EXERCISE REQUIREMENTS: Set down, exactly and with nothing added, the lines running from the one that holds "Gymnocladus dioicus - Branch" to the final line of the records. Pictures stay out of the copy.

DATA SUPPLIED:
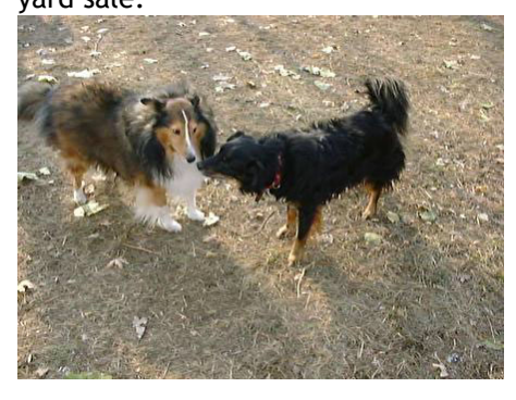
Sheba & Pepper see eye to eye now!

Early in the spring, we will be having a GIGANTIC yard sale in the Quinte Computer parking lot. We will be asking all our members for donations to this yard sale.
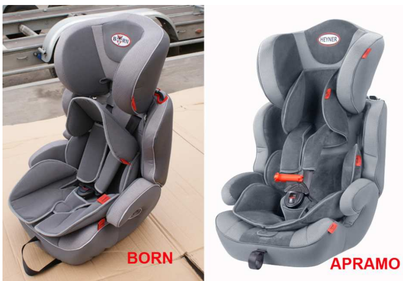
Figure 2: Apramo genuine seat and its copy

Apramo applied for a patent including headrest adjust mechanism and seat contour last year, and the application was accepted by China Patent Buro.
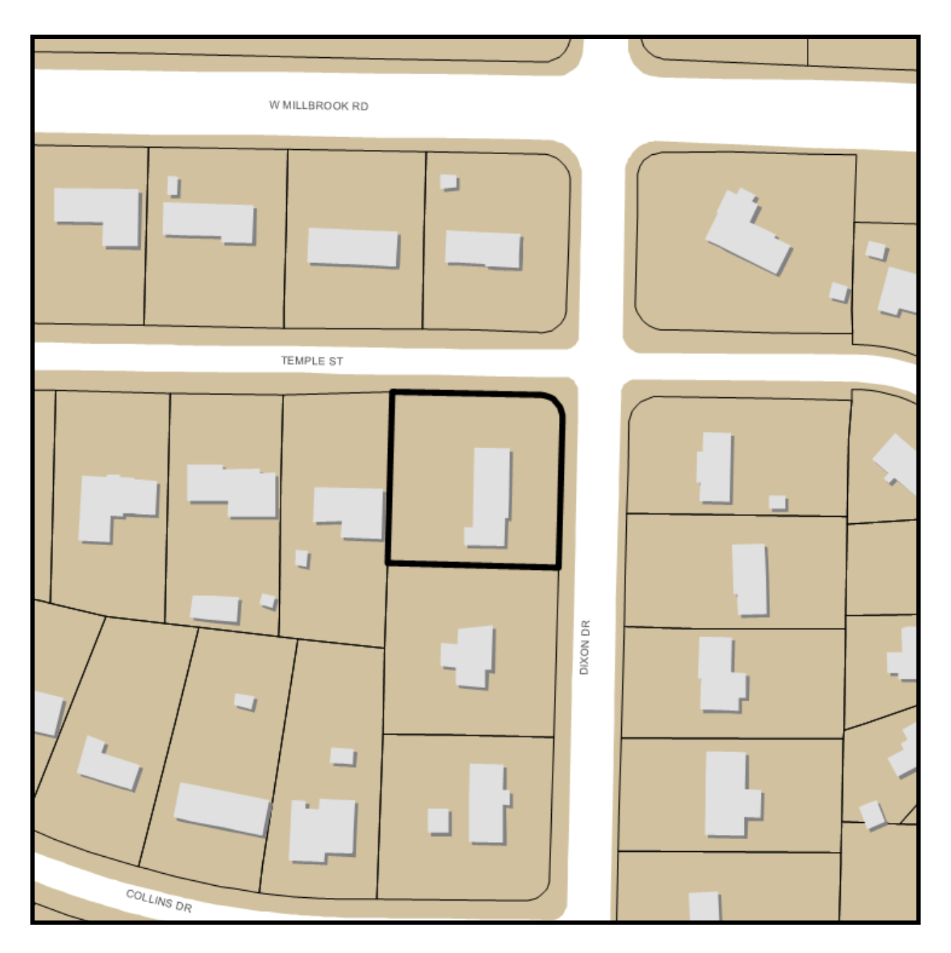
Location Map - 5313 Dixon Drive
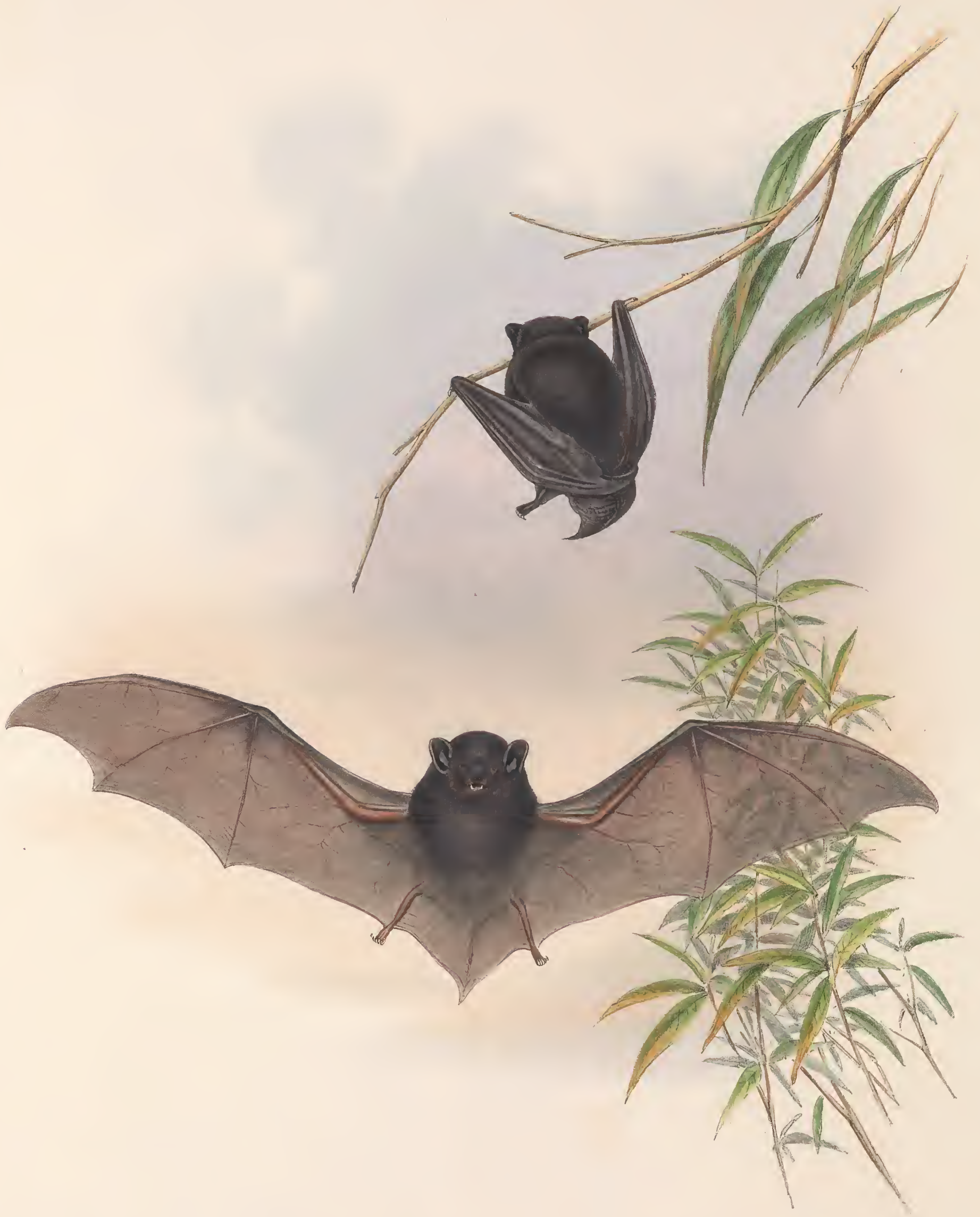
SCOTOPHILUS NIGROGRISEUS, Gould.
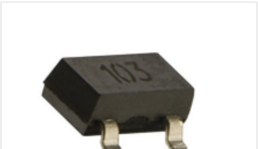
TE Part #G-NICO-001 NI 1000 DIN 43760 KLB SOT23
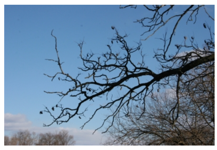
Gymnocladus dioicus - Branch
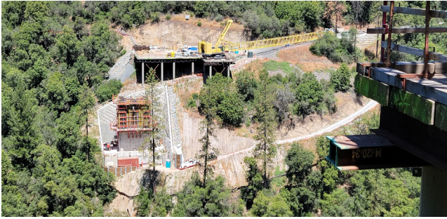
6/05/24 – View Across Canyon at Pier 3 Crane Maintenance

TASK SOLUTION:
Gymnocladus dioicus - Branch
6/05/24 – View Across Canyon at Pier 3 Crane Maintenance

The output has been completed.